French police cracked botnet using their flaws to open self-destruction programs to rescue 850,000 computers

The Czech security company, AVAST has recently tracked a backdoor program, Retadup worm that focuses on infecting Latin America, which forms a huge botnet for mining. During the tracking process, the company discovered that some of the botnet servers were located in France, and AVAST notified its French law enforcement agencies. Normally, law enforcement agencies find that such servers belonging to hackers will be smashed, but this time there are surprises so the botnet server has not been destroyed.

According to the analysis, this backdoor program infects a large number of computers, and immediately loads the mining module remotely and then uses the user’s computer to mine the Monero cryptocurrency. This backdoor program is actually quite rich and can be used to remotely control the victim’s computer or to access the user’s files and turn on the camera for monitoring.

The mode of transmission mainly uses worms to spread and infects other computers with infected computers and will be infected if patches are not installed in time. But the attacker behind it is only to infect as many computers as possible and then use hardware resources to mine. The more infections, the higher the mining revenue. The main areas of infection are mainly Spanish-speaking countries in Latin America, such as Mexico, Venezuela, Argentina, and Ecuador.

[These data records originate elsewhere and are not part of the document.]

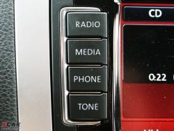 導航系統整合在系統之中,界面友好操作難度低,而且地圖版本較高。藍牙系統則需另付費選裝單獨的模塊。如此豐富的多媒體系統相當值得推薦,也難怪在小到POLO大到途銳都會將其列為高檔選裝配置,只是這臺試駕車的系統還未漢化。
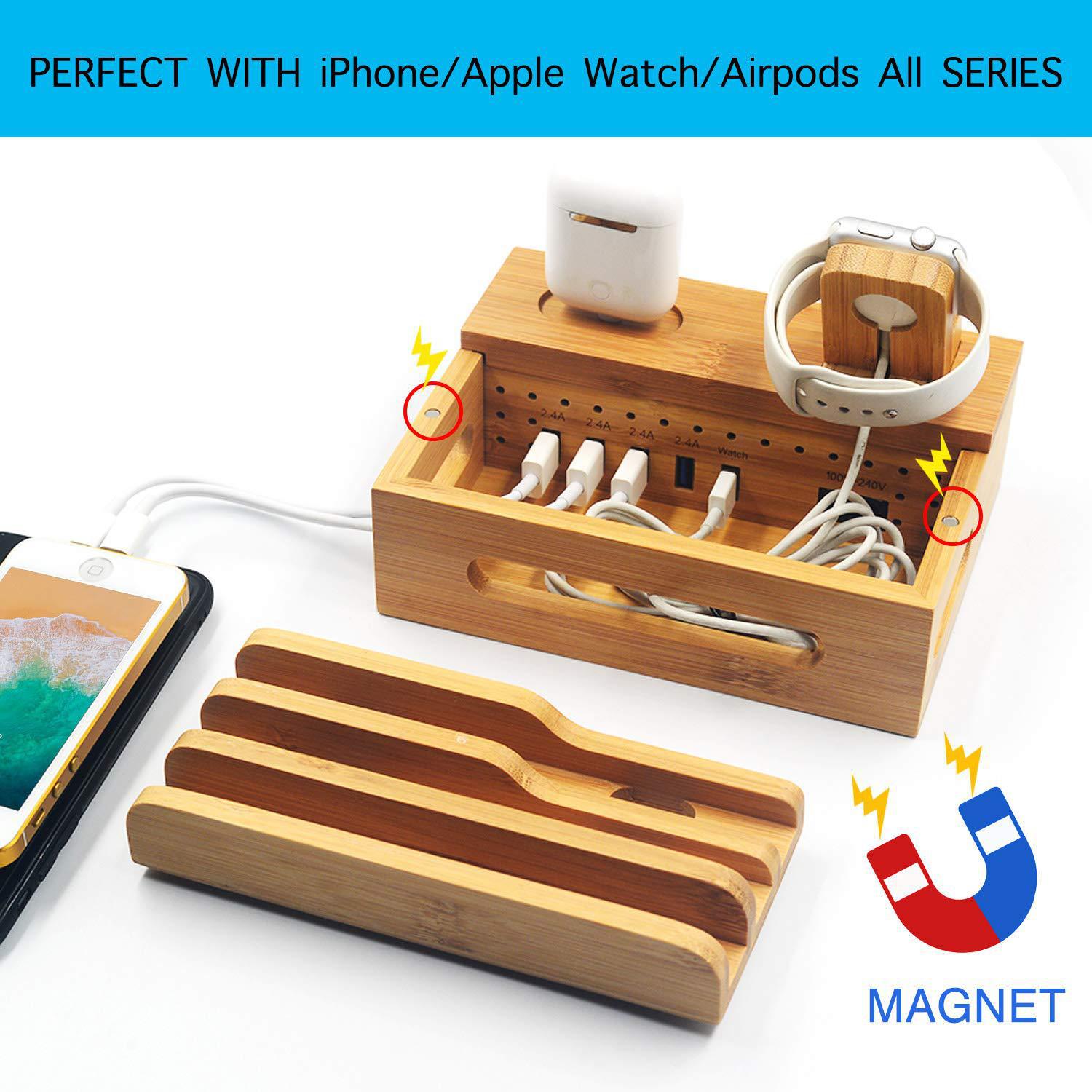 USB多功能充竹木iphone12平板watch收纳站五合一竹子充支架UL
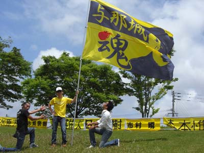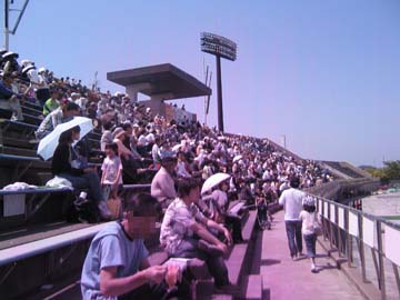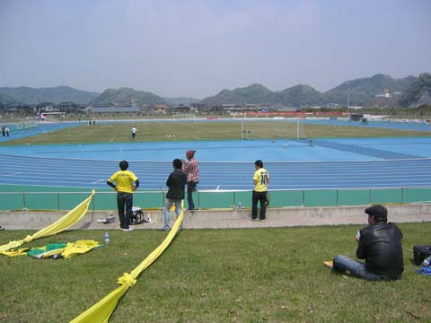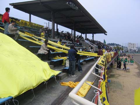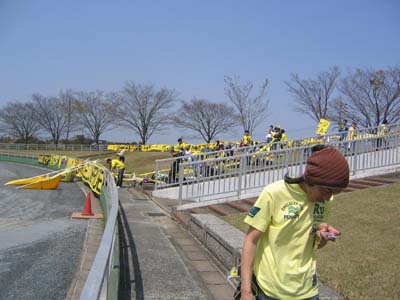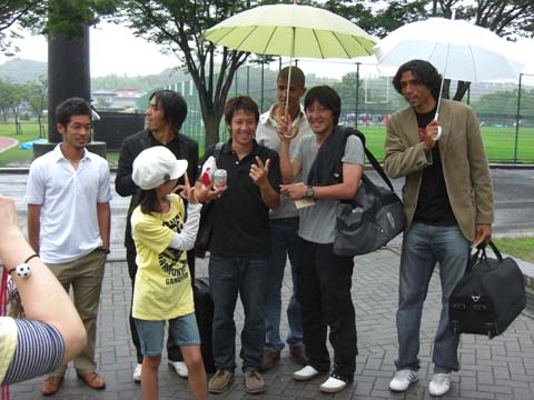 これは個人の負担が大きい上に組織的に守られてしまうとすぐに攻めあぐねてしまう。 岡山戦の2点目以外はドタバタのゴールが多い。チームで守る事もチームで攻める事も出来ているとは言い難い一ヶ月でした。 個人的には富山・湖南・岡山と遠征が続くが、もともと旅好きの僕はさほど苦には感じませんでした。遠征を楽しもうという気持ちがあれば試合に負けても意外に楽しいから困る。 ちなみに僕がBRIGADE本隊に帯同して遠征したのは富山遠征が初めて。負け試合ほど帰りのテンションが高い傾向があり、特に岡山遠征の帰りは異常なハイテンションで死ぬ程笑った。 ホームの試合は鞘ヶ谷での一試合のみ。確か千人を切っていたように思う。人も金も時間もアイディアも、何もかもが足りないながらも始まっちまったもんはしょーがねー、気付いている人達だけで乗り切るしかない。 「まだ始まったばかり」 この頃の僕らの合言葉だった。 画像は北九州サポーターのイメージキャラクターとして長年活躍しておられるFちゃん。来年からは中学生と言う事で出現頻度が下がってしまうらしい。寂しいですね。 冷たい雨の降る岡山でもヒマワリのような眩しい笑顔でした。ちなみに僕を苗字で呼び捨てにします。 『4月』~反撃の狼煙は本城から 6日 ○1-0 アルテ高崎 (本城) 12日 △1-1 FC琉球 (沖縄北谷) 20日 ○1-0 FC刈谷 (本城) 27日 ○2-1 三菱水島FC (笠岡) 本城での観客数は期待以下で去年の3千人はどこへ消えてしまったのかと・・・。それでも結果を出し始めたチームに期待は膨らんでいく。チームとしては調子が良いとは言えないまでも、下位に沈むようなチームではないという手応えを感じた月だった。 何が何でも勝ち点3が欲しかった本城初ゲーム。個人ブログで結果を出すと公言した佐藤選手自身がゴールを決めてJFL初勝利を挙げる。とにかくホッとした勝利だった。 連動した時には驚くべき波状攻撃を見せてくれるが、一つ一つのプレーが単独で発生して単独で完結する個人技頼みのサッカーが目立つ。 ボールを持った選手の選択肢を増やす為にも、ボールを持っていない選手の動きが求められるところ。 個人的にポイントだったのは刈谷戦。JFLでも中位につけ、「運動量が半端ない」という事前情報もあってか、本城不敗記録が止まるとしたらここだろうと内心思っていた試合。 水島戦ではアウェー初勝利を記録。途中出場ばかりでまだノーゴールではあったが、この試合で見せた存在感に『宮川最強FW説』をブチ挙げる。当ブログ最大のファインプレーだったので何度も書いてしまう。 この頃、チームの頑張りが逆に観客動員の少なさを際立たせていた。仲間は確実に増えているんだけども。 『5月』~素晴らしきJFLの旅 3日 △1-1 ガイナーレ鳥取 (本城) 6日 ○3-2 TDK SC (仁賀保) 11日 △1-1 佐川印刷 (本城) 17日 ●1-3 ソニー仙台 (七ヶ浜) 25日 ○4-2 流通経済大 (本城) ゴールデンウィークを挟んでJFLを満喫した5月。僕のデジカメが壊れたり、TOMMY氏のみちのく一人旅や、タチコ嫁降臨、第一回タチコ祭り発生と非常に賑やかでした。 画像は僕のデジカメちゃんが完全に壊れる直前のものなので鳥取戦の時のものと思われます。鉄板の千人です。 「タチコは使い道がない」などと話してた矢先にタチコ嫁がBRIGADE BBSや当ブログに降臨。アクセス解析で「本当にブラジルからのアクセスなんですけど」と団長に相談。ビデオレターとか作ったりしましたね。 ソメザイル氏が「奥さんの為にも頑張れよ」と柄にも無い励ましの言葉をかけるなど懐かしい思い出です。 その後、流通経済大戦で信じられんようなスーパーゴールを決めるなど、まさかのハットトリックでタチコ祭り発生、タチコ嫁の一件を知っていたバックスタンドは大爆笑。サッカーであんなに笑ったのは初めて。 画像はタチコ祭りの後の写真。これに「タチコは街の人気者」的な適当なコメントをつけてタチコ嫁に送ったところ、大層喜んでおられました。少なくとも北九サポーターの中では絶大な人気があるのは事実である。みんな・・・なんだかんだでタチコがいなくなったら寂しいでしょ・・・。 「こういうのが見たかった。娘がとても喜んでいる。私達の誇りです。」的な返信があった事も付け加えておきます。 この頃、メインフラッグとなる「与那城魂フラッグ」登場。僕は天皇杯福岡県予選決勝で少し振らせて頂きました。試合後にインタビューを受けるジョージ監督や佐野選手の後ろでブンブン振ってたのが僕です。光栄でした。 チームとしては、あっさり失点する傾向が顕著になりつつあった時期。繰り返されるあっけない失点癖に怒りの声もチラホラ。 攻撃に重点を置いた結果の失点というより集中力を欠いた隙を突かれての失点はその後も続いていく事になる。 それでも僕らはJFLのど真ん中を自信を持って歩いて行けるようになっていた。 『6月』~JFLの中心で北九州を叫ぶ 1日 ○3-2 ジェフリザーブズ (東総) 8日 ●2-3 栃木SC (本城) 15日 ○2-1 横
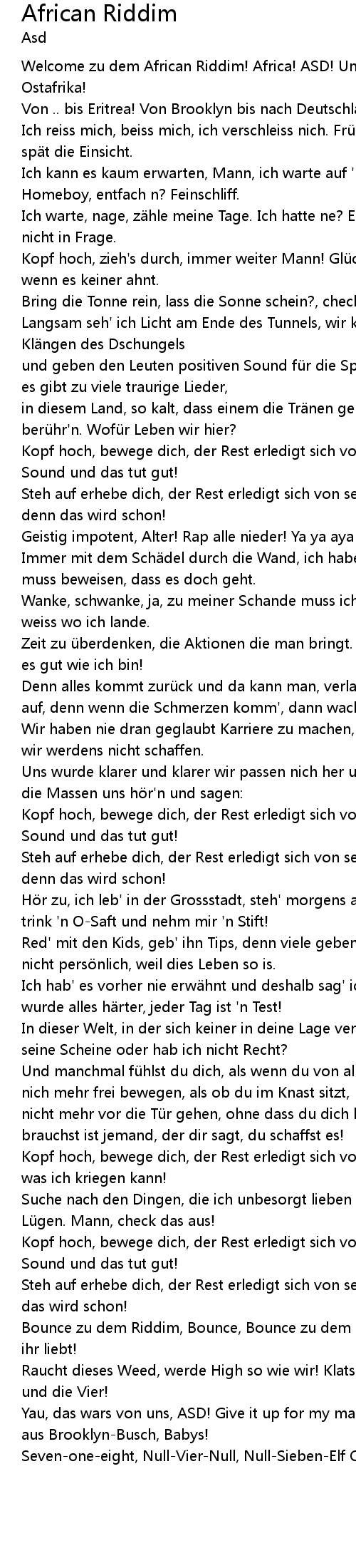 | Welcome zu dem African Riddim! Africa! ASD! Und nachher pr sentieren wir Ostafrika! | |
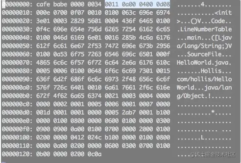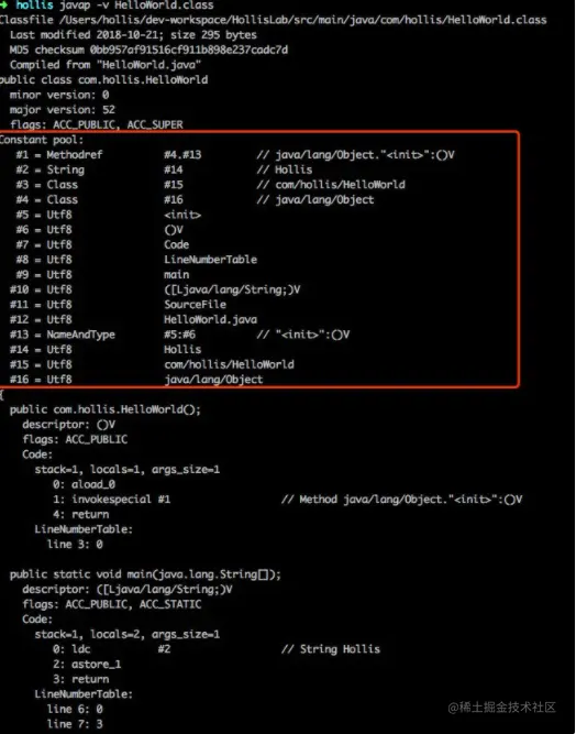 这也就可以印证前面的常量池中还包含一些com/hollis/HelloWorld、main、([Ljava/lang/String;)V等常量的原因了。

Interestingly, the French police did not directly destroy the server after controlling their remote servers, because the study found a fatal flaw in the botnet. To exploit this flaw, you only need to issue remote commands to all computers in the botnet. The backdoors on these computers will start self-destruction without intervention. After the remote self-destruction command was issued, hundreds of thousands of computers were networked and the backdoor program was quickly cleaned up. This is why the French police did not directly destroy the server. Of course, the so-called self-destruction command is not a hacker’s idle development, but the protocol used by the remote control server has design flaws that can achieve self-destruction.

French police controlled these remote servers for analysis and found that these servers had infected a Trojan virus named NESHTA. It is unclear how the controller of this botnet was infected by other viruses.